**Task requirements**
Print exactly the lines from the one that contains "Larger Conferencing rooms" through the final line of the entries below, both included, and nothing else; omit the pictures.

--- Given records ---

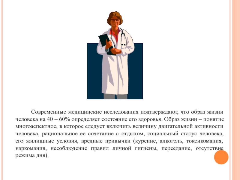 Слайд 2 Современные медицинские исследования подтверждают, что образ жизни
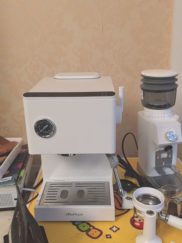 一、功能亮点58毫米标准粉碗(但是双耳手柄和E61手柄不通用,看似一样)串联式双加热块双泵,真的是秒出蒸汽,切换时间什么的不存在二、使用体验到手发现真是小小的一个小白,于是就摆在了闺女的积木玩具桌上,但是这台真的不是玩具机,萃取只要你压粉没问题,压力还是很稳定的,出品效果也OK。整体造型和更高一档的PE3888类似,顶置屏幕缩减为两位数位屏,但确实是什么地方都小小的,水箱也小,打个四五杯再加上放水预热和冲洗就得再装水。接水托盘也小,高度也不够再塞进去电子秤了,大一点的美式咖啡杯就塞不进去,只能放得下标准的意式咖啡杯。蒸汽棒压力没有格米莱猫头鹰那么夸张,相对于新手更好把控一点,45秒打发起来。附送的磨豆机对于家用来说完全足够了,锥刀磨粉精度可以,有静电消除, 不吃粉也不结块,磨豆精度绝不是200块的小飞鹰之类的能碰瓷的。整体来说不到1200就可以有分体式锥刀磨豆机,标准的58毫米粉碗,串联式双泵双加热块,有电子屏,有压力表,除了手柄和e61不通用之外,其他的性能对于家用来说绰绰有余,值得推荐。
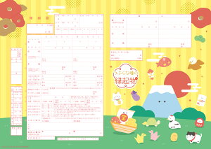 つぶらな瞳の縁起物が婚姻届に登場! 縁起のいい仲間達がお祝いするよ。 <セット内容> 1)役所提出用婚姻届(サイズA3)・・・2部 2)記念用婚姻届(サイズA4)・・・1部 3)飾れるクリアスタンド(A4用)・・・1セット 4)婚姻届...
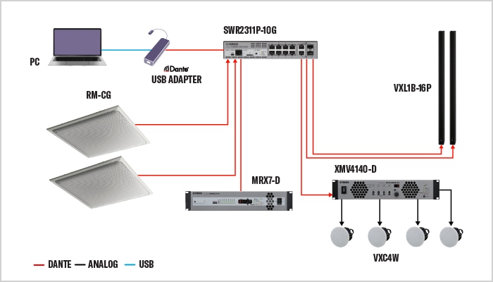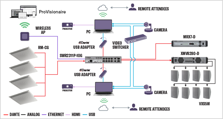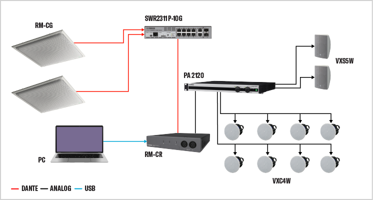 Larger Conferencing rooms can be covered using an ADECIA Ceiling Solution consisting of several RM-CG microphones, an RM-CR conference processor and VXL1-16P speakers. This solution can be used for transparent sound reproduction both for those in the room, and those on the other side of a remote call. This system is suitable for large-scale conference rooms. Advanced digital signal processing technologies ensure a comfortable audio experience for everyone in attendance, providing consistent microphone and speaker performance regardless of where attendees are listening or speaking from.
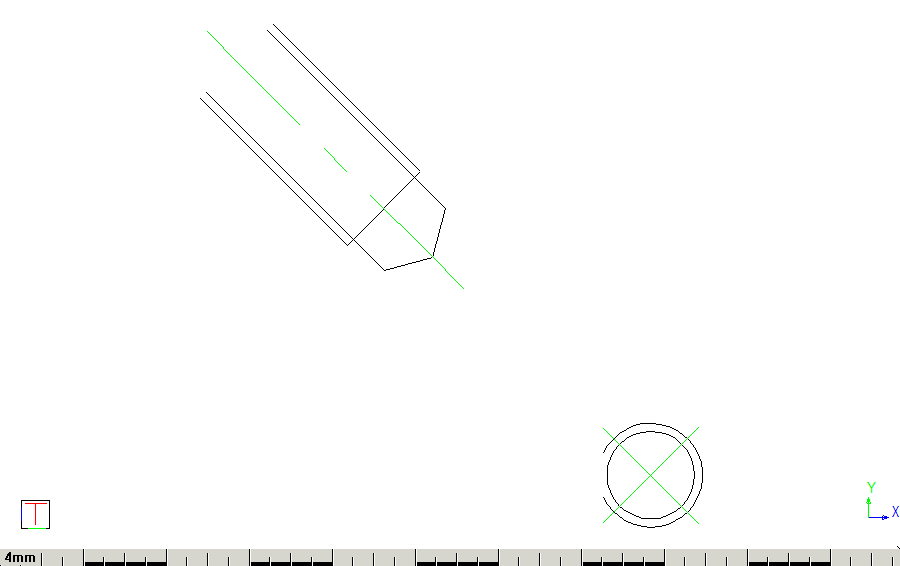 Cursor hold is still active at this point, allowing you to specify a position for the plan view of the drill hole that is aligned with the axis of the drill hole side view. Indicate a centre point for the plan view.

---

**Output below**
 Larger Conferencing rooms can be covered using an ADECIA Ceiling Solution consisting of several RM-CG microphones, an RM-CR conference processor and VXL1-16P speakers. This solution can be used for transparent sound reproduction both for those in the room, and those on the other side of a remote call. This system is suitable for large-scale conference rooms. Advanced digital signal processing technologies ensure a comfortable audio experience for everyone in attendance, providing consistent microphone and speaker performance regardless of where attendees are listening or speaking from.
 Cursor hold is still active at this point, allowing you to specify a position for the plan view of the drill hole that is aligned with the axis of the drill hole side view. Indicate a centre point for the plan view.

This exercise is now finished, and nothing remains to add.